Aggressive intervention improves glycemic control among non-adherent patients with diabetes
CHICAGO —Aggressive intervention with insulin in patients with type 2 diabetes who were at risk for being non-adherent resulted in improved glycemic control despite not affecting treatment persistence, according to research presented during the American Heart Association Scientific Sessions.
“Our takeaway from this is that targeting patient populations for more intensive interventions based on both the risk of non-adherence, as well as what their level of disease control is so we don’t have any adverse outcomes, could be more effective than delivering a blanket intervention to patients,” Julie C. Lauffenburger, PharmD, PhD, of Brigham Women’s Hospital and Harvard Medical School, said during a presentation of results from the TARGIT Diabetes at the American Heart Association Scientific Sessions.
In their three-armed, intention-to-treat randomized trial, researchers enrolled 6,000 adult patients with type 2 diabetes treated with insulin. All patients were insured through Horizon Blue Cross Blue Shield of New Jersey and had insulin prescriptions filled in the past 6 months.
The researchers sought to determine whether targeting smaller groups of patients who would most likely benefit from an intervention for treatment adherence would increase the efficacy of the intervention. They used predictive analytics to determine which patients were more likely to benefit from the intervention. In arm one of the study, patients were not targeted and received usual care. In arm two, 60% of patients were targeted based on their risk for non-persistence. Patients with moderate risk received a moderate-intensity intervention. In arm three, 40% of patients were targeted based on their risk for non-persistence and baseline glycemic control. Patients predicted to have poor adherence to their medication and a higher risk for glycemic control issues in this group received the high-intensity intervention. All non-targeted patients in each arm received usual care. Each study arm was designed to be cost neutral but varied according to the number of follow-up calls by pharmacists and providers, text messages and mailings.
Each arm included about 1,860 patients in the final analysis. Across each arm, patients were, on average, aged 55 years and had a mean HbA1c of 8.5% at baseline. Investigators assessed data up to 12 months after randomization.
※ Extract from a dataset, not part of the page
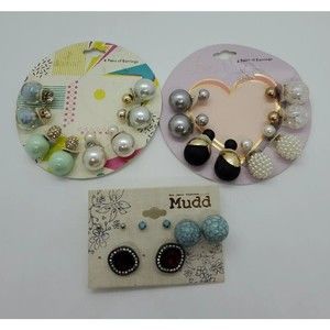 Lot of Womens Pierced Earrings 12 Pairs of Carded Earrings. These sets appear unworn and new, the packaging shows wear and has some discoloration here and there. The Mudd brand set has a gold back on one of the earrings. They all appear in good shape.

For the primary outcome of insulin non-persistence, researchers found no significant difference between the groups. For each insulin prescription fill, 5.4% of patients in arm one were considered non-persistent compared with 4.7% of patients in arm two and 4.9% of patients in arm three.
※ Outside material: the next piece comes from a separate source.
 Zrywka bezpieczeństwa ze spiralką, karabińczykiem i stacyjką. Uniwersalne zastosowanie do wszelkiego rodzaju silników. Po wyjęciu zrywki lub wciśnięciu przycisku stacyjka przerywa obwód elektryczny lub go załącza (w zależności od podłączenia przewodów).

Regarding glycemic control, patients in arm one had a mean reduction in HbA1c of 0.06% vs. 0.21% for patients in arm two and 0.31% for patients in arm three.
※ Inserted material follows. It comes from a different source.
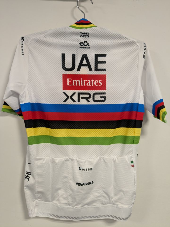 2024年シーズン、タディ・ポガチャル選手が史上3人目のトリプルクラウンを達成した、記念すべきアルカンシェルジャージのレプリカが入荷しました。

“In arm three, this was a significant difference in terms of the mean HbA1c change in the absolute difference between the two arms,” Lauffenburger said.
The absolute difference in mean HbA1c for arm two vs. arm one was 0.15%, and 0.25% for arm three vs. arm one.
Researchers found no significant differences between the groups for resource utilization, total health care spending and office visits.
“But what was unexpected was that there was an increase in all-cause ER visits and hospitalizations in the arm that was targeted purely on non-persistence compared with arm one,” Lauffenburger said. “We investigated this a little further. This was completely unexpected, and it appeared to be associated with having a fairly low HbA1c at baseline. So, the patients who had a HbA1c of less than 7% and were targeted for the adherence intervention were the ones who seemed to be attributable to this increase in hospitalizations.”
“We didn’t see a change on insulin persistence, but we did see a change in glycemic control, in arm three specifically,” she said.
Lauffenburger noted that other interventions attempting a similar goal may try to optimize predictive analytics to target further, particularly thinking more about incorporating disease control, and use different measurements. – by Gina Brockenbrough, MA
Reference:
Lauffenburger JC, et al. Abstract 164. Presented at: American Heart Association Scientific Sessions; Nov. 10-12, 2018; Chicago.
Disclosure: Lauffenburger reports receiving a research grant from Sanofi and AstraZeneca. The research was funded by Sanofi through an unrestricted grant.